The Influence of the Platinum Weight Percentage in the Catalyst Formulation on the Performance of a High Temperature Ethanol Electroreformer Based on H3PO4‑Doped Polybenzimidazole for Green Hydrogen Production

Abstract

A vapor-fed high temperature proton exchange ethanol electroreformer has been developed based on the use of a H3PO4-doped polybenzimidazole membrane to produce green hydrogen. As a key parameter, this article describes the influence of platinum weight percent (wt.%) in the catalyst formulation from different commercial catalysts (20, 40, 60, 80 wt.% Pt/C and Pt black) on the activity (related to the H2 production), energy consumption, and CO2 yields.
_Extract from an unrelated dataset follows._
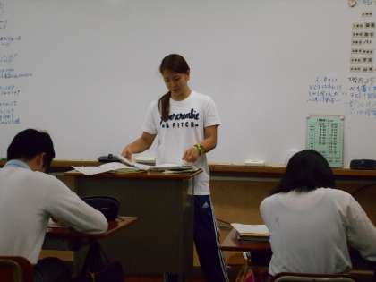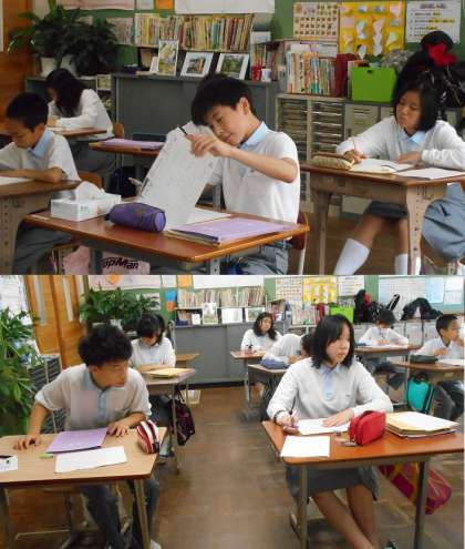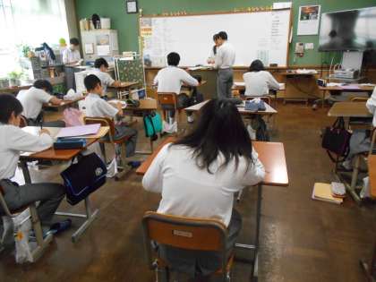 この日の授業は,いつもの分割授業ではなく,一斉に集まってテストに向けて勉強です。
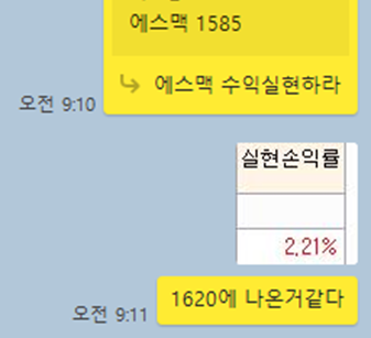 에스맥은 장 시작전에 급등을 예상하며 선정한 종목입니다. 특이하게도 장시작 전부터 이미 어마어마한 물량(백만주 이상)의 예상체결량으로 급등을 충분히 짐작하게 하였으며, 이 종목 또한 제가 언급한 자리(1585원)에서 무난하게 2% 부근의 수익 구간이 나왔습니다.

The structural and morphological analysis reveal that an increase in Pt wt.% leads to the formation of bigger nanometric Pt particles, resulting in a decrease in the electrochemically active surface area. In terms of the ethanol electro-oxidation activity, the Pt wt.% impacts on the performance of the electroreformer, with the H2 flux that increase from 0.22 STP (standard pressure and temperature, 273.15 K and 105 Pa) m3 m-2 h-1 for Pt black to 1.47 STP m3 m-2 h-1 for 60 wt.% Pt/C. The Pt wt.% also impacts on the CO2 percentages, increasing from values in the range of 20-40% for the 20 wt.% Pt/C to 45-55% for the optimum 60 wt.% Pt/C and, finally, decreasing to values between 30-45% for Pt black. These values are, in overall, higher than those of low temperature (< 90 °C) ethanol electro-oxidation systems.